Biochar is produced by heating biomass at high temperatures (300–600 °C) in a closed reactor containing no to partial levels of air. Under these conditions, biomass undergoes thermochemical conversion into biochar [11,12,13,14,15,16,17,18]. Because of its numerous potential uses in agriculture, energy and the environment, much attention has been given to biochar in both the political and academic areas. Biochar can be used in a variety of applications such as energy production, agriculture, carbon sequestration, wastewater treatment and bio-refinery [19]; additionally, biochar provides an alternative strategy for managing organic waste. These advantages have renewed the interest of agricultural researchers in producing biochar from bio-residues and using the product as a soil amendment. Hakala et al. [20] conducted a study to assess the potential of crop residues for the 1997–2006 period and found that availability of crop residues varied from 4.8 to 5.1 billion tonnes.
Kumar et al. [21] reported that India has the potential for a large amount of biomass feedstock from different sources.
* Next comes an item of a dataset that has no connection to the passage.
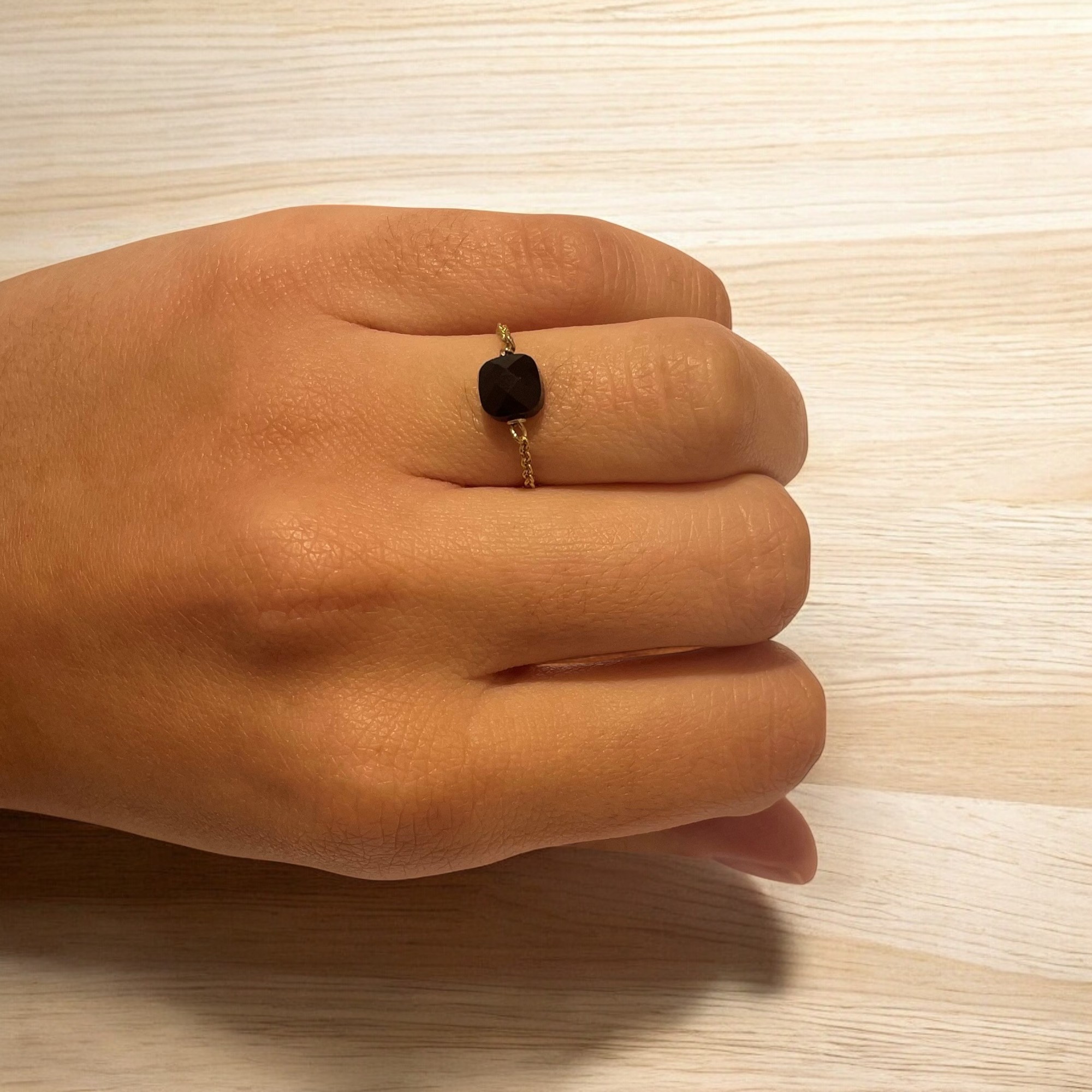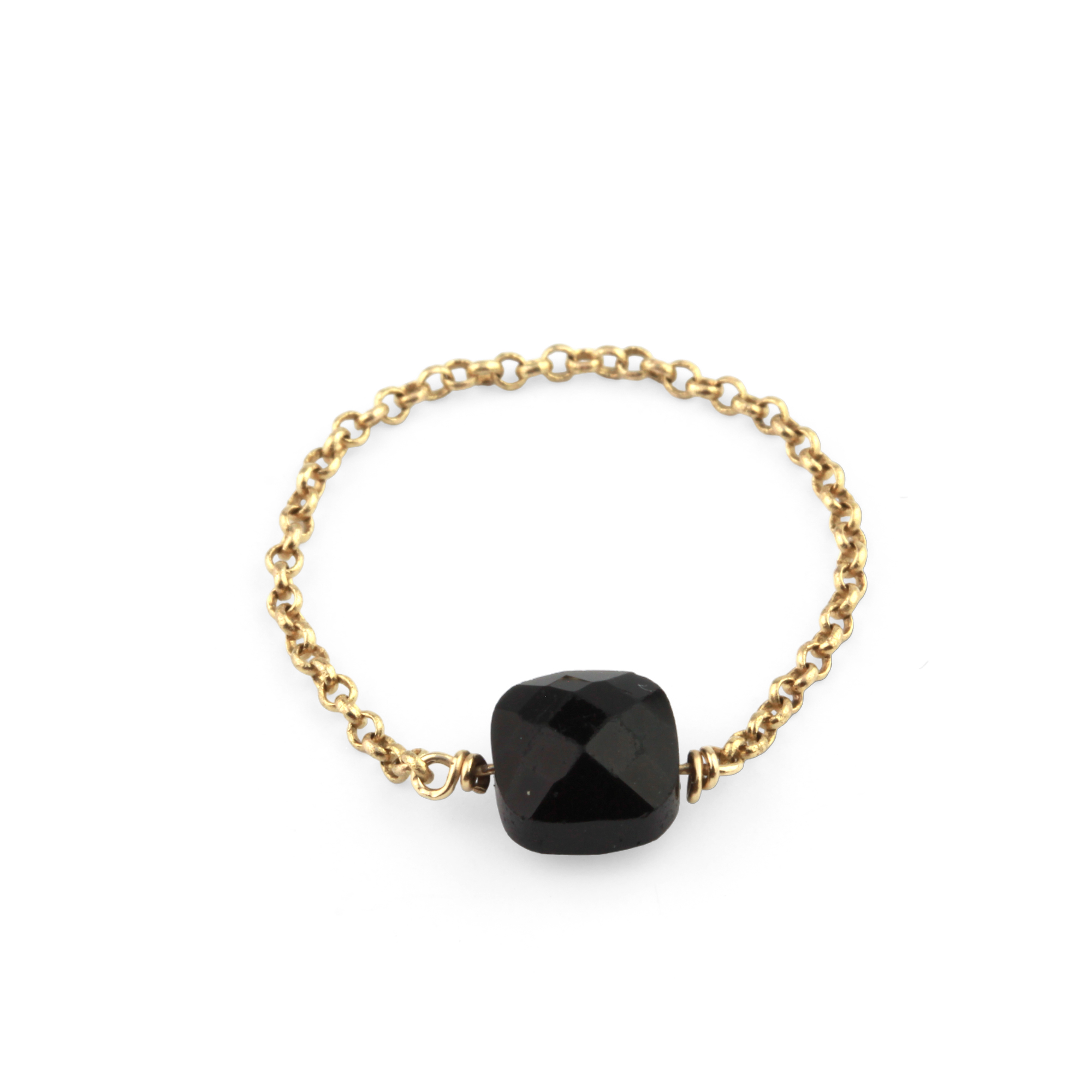 Elle est composée d'une chaîne et d'une perle en verre carrée et facettée.

Hiloidhari et al. [22] estimated that annually about 686 million tonnes of gross residues is available in India from agricultural crops, and about 234.5 million tonnes represents the surplus potential. This shows the availability of enough raw materials for an efficient and eco-friendly biochar production unit. The biomass used for biochar production can be classified [23] as illustrated in Fig. 1. Figure 2 summarizes the thermochemical conversion routes of biomass, including direct combustion to provide heat, liquid fuel and other elements for thermal and electrical generation. This review paper is written with the aim to highlight and discuss the different production processes, the use of biochar as a soil health enhancer, its effects on crop yield and its role in mitigation and carbon sequestration.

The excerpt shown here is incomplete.